What did they think that they were a part of over the last 8 years? Or over the period of George Bush the First when they increased the debt by over a trillion in just 4 years? Or under Reagan where they cut the income of the country by 50% and increased military contractor spending by four times what it had been? These things quadrupled the national debt to $2.14 trillion by 1989. It is clear what they knew. They knew they would score political points by cutting taxes…everybody, almost, likes a tax cut. They wanted to reduce the government size, from lack of revenues, until, as one Neocon said, they could “drown it in a bathtub.”

What they succeeded in doing was to reduce government effectiveness. They created a large private industry…the war industry, where demand is king. You make it. Then you blow it up and come back for a new and better one. It never ends. It is half our budget and more than all other military budgets of the world including China and Russia–combined! Are we safer by a factor of, say, 50 than any other country? Ask the relatives of the 3,000 people who died during the very first year of George W. Bush’s Presidency. Did we in 8 years handle the situations in Iraq and Afghanistan and come home? That’s a pretty obvious answer.

Roskam, Biggert, Bunning, Kyl…and so many more…McConnell, McCain and Sessions and Bachmann and Gomert and King and Boehner…and others—the Neocons put us in our current position. They initiated and voted for all the same things that Roskam did. Only some did them for ten, twenty years. And they are still at it. Only now they vote in a block to obstruct.

They are running a constant guerilla attack on government by the military-industrial complex of this country and by the big, multi-national corporations. Keep cutting taxes, cutting government revenues. Try to kill Social Security and Medicare one more time. (Paul Ryan of Wisconsin) These are the old, the reactionary, Right Wing, Conservative arguments of an earlier century. Thirty years ago, we tried Reaganomics, even though it seemed like voodoo economics. We’ve spent 30 years putting more money in the hands of the very rich. It is literally the greatest shift in wealth in the history of the world. That’s not even in dispute.

What have we learned? We know now that permitting tax codes so that some can amass great wealth does not result in a broader and stronger economy. It does not trickle down in the form of new jobs and an expanded economy. In fact, it has meant fewer jobs, with more going overseas.

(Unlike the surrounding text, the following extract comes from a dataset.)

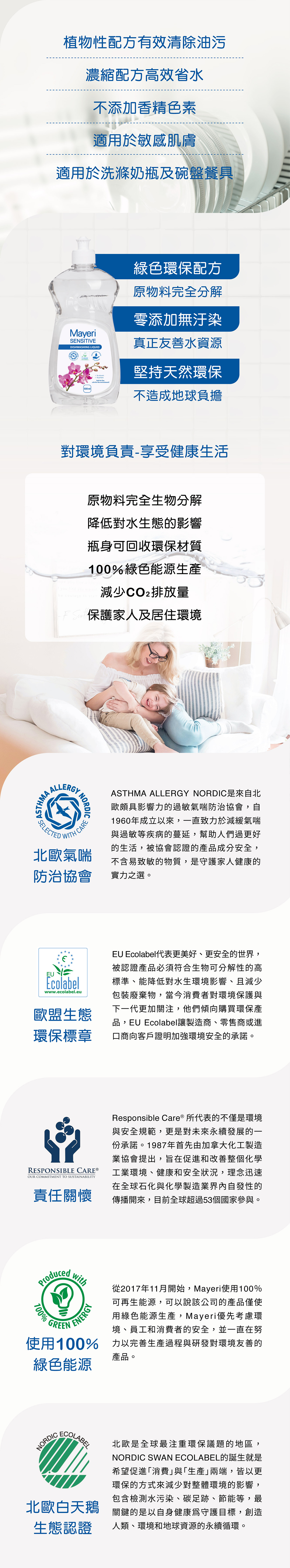 無添加額外香料,以最純淨的方式製成的洗碗精,適合清洗寶寶的奶嘴、奶瓶等容易殘留奶垢的器具,MAYERI的低敏系列,通過北歐過敏防治協會,產品不含致敏成分,是守護家人健康的實力之選。

It has meant deficit spending, every year of the 1980s, almost every year in the 1990s and then in the 2000s, under Bush, reckless tax cutting and equally wild spending. The economy absorbed $3 trillion in lost revenue from cuts to the tax bills of the wealthy. The wealthy don’t let it trickle down, we discovered. They just buy more yachts and houses, like the 9 homes of John McCain.

At this point, the Neocons don’t understand how serious the crisis is for average citizens. And many citizens—like the tea baggers are hit with so much propaganda that they don’t understand either–that when they attack the government, they are attacking themselves. The government is not the problem. If the government were allowed to work, it could very easily be the solution. The biggest cause of our current deficit is unemployment which has led to severely reduced tax revenues. That is causing the biggest spread in the deficit.

The government could easily jump-start the economy and recover all the money it would take to do so in a couple of years through increased revenues. And it could be done primarily through business loans that are not being made now by the private financial sector. But the Neocons are making it almost impossible for the economy to recover.

Very soon, unless the Neocons stop obstructing and join in to solve problems, the only thing between the American People and disaster will be the government. In fact, we’re probably there already.